The late, Great Britain: David Shrigley's cartoon reflects the Brexit woe that grips many of us © courtesy of the artist

The UK began 2020 with a dispiriting hullaballoo about how the country should mark its departure from the European Union at 11pm on 31 January. Tabloids and politicians demanded that Big Ben should be rung, even though the bell and its tower are being restored and it would cost £500,000 to achieve. On BBC Newsnight, Jude Kelly, formerly the Southbank Centre’s artistic director, was a rare voice of reason, suggesting “respectful but muted” observance, given how much Brexit continues to divide the country.

The arts, however, are not divided: in a 2016 poll, 96% of members of the Creative Industries Federation said they wanted to remain in the EU; artists, museum directors and curators are widely, implacably opposed to Brexit, aware of the profound loss to our culture. So what would an artistic commemoration of this historic Brexit moment look like?

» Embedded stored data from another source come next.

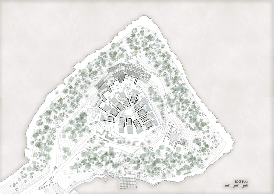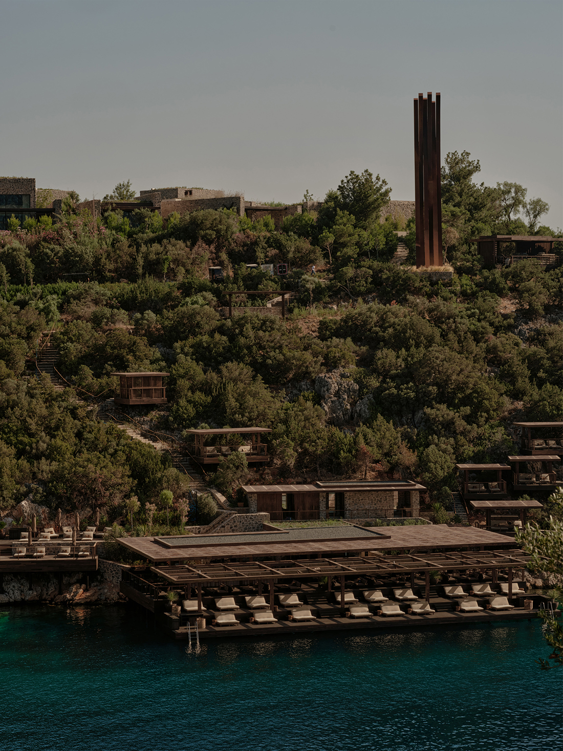 Scorpios Bodrum is a boutique resort on Turkey’s Aegean coast that seamlessly blends nature, architecture, and human interaction into a sustainable retreat. The resort’s design is centered around the movement of sunlight, creating an immersive experience that spans from sunrise to sunset. The master plan, resembling a small Aegean village, features twelve island villas and diverse amenities, including a village square, reception, sports cabanas, beach decks, retail areas, and dining facilities.
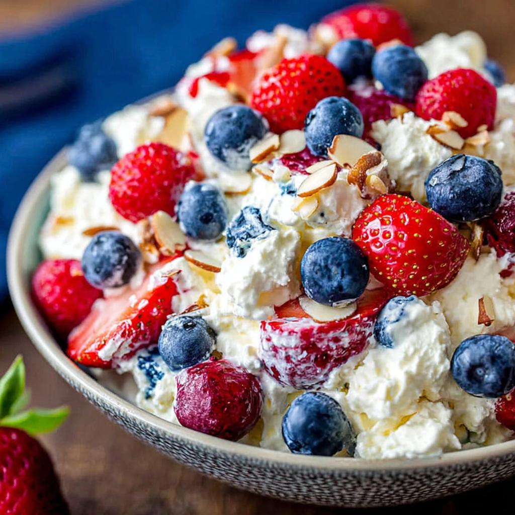 Red, White, and Blue Cheesecake Salad Recipe Delight!
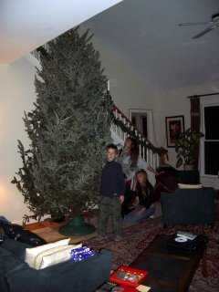 Griffin is extraordinarily proud of our Christmas tree. At a whopping Eleven feet, three inches (11'3"), it is by far the biggest tree we have ever had, and is probably taller than the White House Christmas Tree.
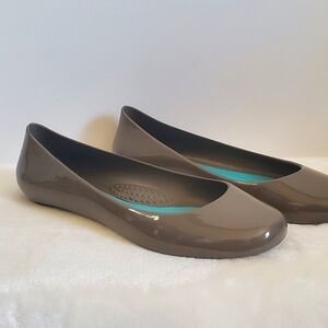 Oka B Taylor Grayish Brown Rubber Jelly Ballet Slip On Flats. Women's size US 8, EU 38. Premium arch support & heel cup for stability and support, soothing massage beads, flexible shoe design for all day comfort, 100% recyclable (plastic #3). BPA, latex, rubber & phthalate-free. Waterproof & slip resistant, machine washable, color won't fade. Made in the USA. Minor discoloration on side of shoe as shown in last photo, otherwise is great condition!
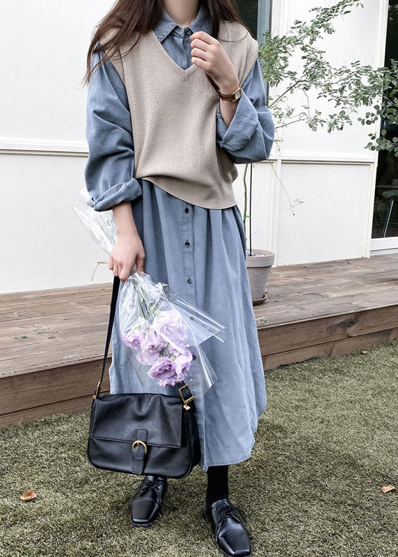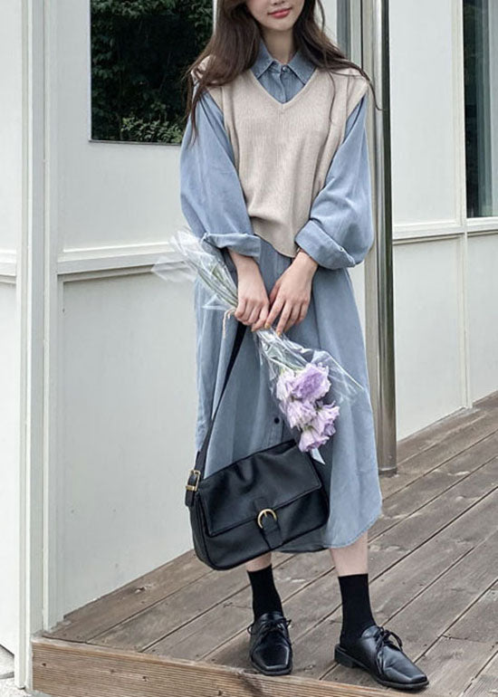 French Blue Peter Pan Collar Denim Shirts Dress And Vest Two Pieces Spring
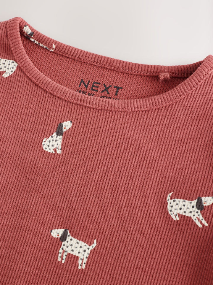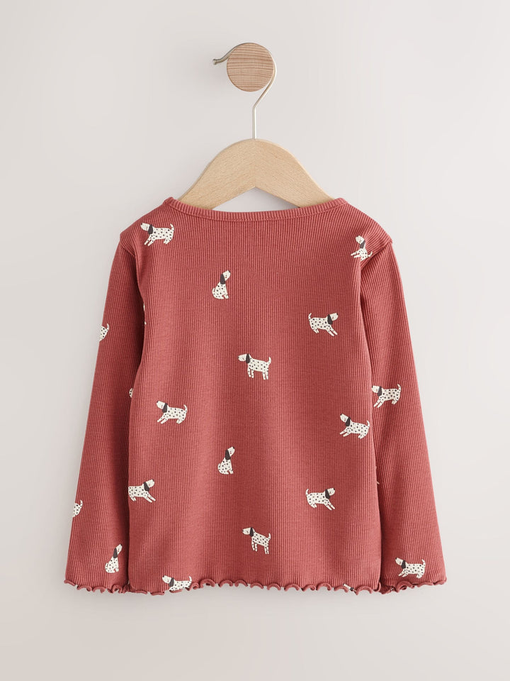 Add some fun to their everyday staples, with this long sleeve rib t-shirt, available in a selection of bright colours and prints, set against a cotton-rich base with added stretch. The t-shirt is finished with a ribbed crewneck collar and a ruffle trim the sleeve cuffs and hem. Cotton-rich blend Long sleeves Crewneck collar Ruffle trim Machine washable. 95% Cotton, 5% Elastane. Country of Origin: Bangladesh
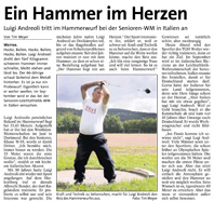 WETTER. Hacke, Ballen, Hacke, Ballen, Hacke, Ballen. Luigi Andreoli dreht den fünf Kilogramm schweren Hammer immer schneller, bleibt stehen und lässt los. Der 66-Jährige schaut lächelnd dem Metall hinterher. Es ist ja nur ein Probewurf. Eigentlich kann er weiter werfen. Im September wird er das bei der Senioren-Leichtathletik-WM in Italien versuchen.

Richard Artschwager’s Exclamation Point (Yellow, 2001) is now on show at Gagosian in London © 2019 Richard Artschwager/Artists Rights Society (ARS); New York Photo: Rob McKeever; Courtesy Gagosian

Humour seems an appropriate response. Last month, the curator Bob Monk suggested that Richard Artschwager’s giant exclamation mark in yellow plastic bristles, now at Gagosian in London, fits the bill. Arguably, London has already had a prominent sculpture that expressed the hysteria guiding Brexit and the Big Ben rumpus. David Shrigley’s elongated cartoonish thumbs-up in bronze, Really Good, commissioned in 2013, coincidentally appeared on the Fourth Plinth in Trafalgar Square only a few months after the referendum. In his statement, he wrote sardonically of his hope that the sculpture “would become a kind of self-fulfilling prophecy: if things are identified as being good, then therefore they become good and everything will get better.” It was written in the guise of “some hysterical political artist apparatchik”, yet could have been uttered by Boris Johnson and his fellow Brexiteers.

David Shrigley’s Really Good appeared on the Fourth Plinth in Trafalgar Square only a few months after the EU referendum

But while satire is tempting, melancholy and resignation have gripped many of us as Brexit looms. Those moods dominated a great recent example of public art: Susan Phillipsz’s Surround Me, in which the Scottish sound artist’s a cappella versions of Elizabethan and Jacobean madrigals and rounds echoed through London’s streets. Under London Bridge, the strains of Phillipsz singing John Dowland’s Flow, My Tears drifted with the lapping waves of the Thames.

So I think an apt response would be to meet sound with sound in Parliament Square: for them, the bell tolls; for me, that Elizabethan lament: “Flow, my tears, fall from your springs!/Exiled for ever, let me mourn.”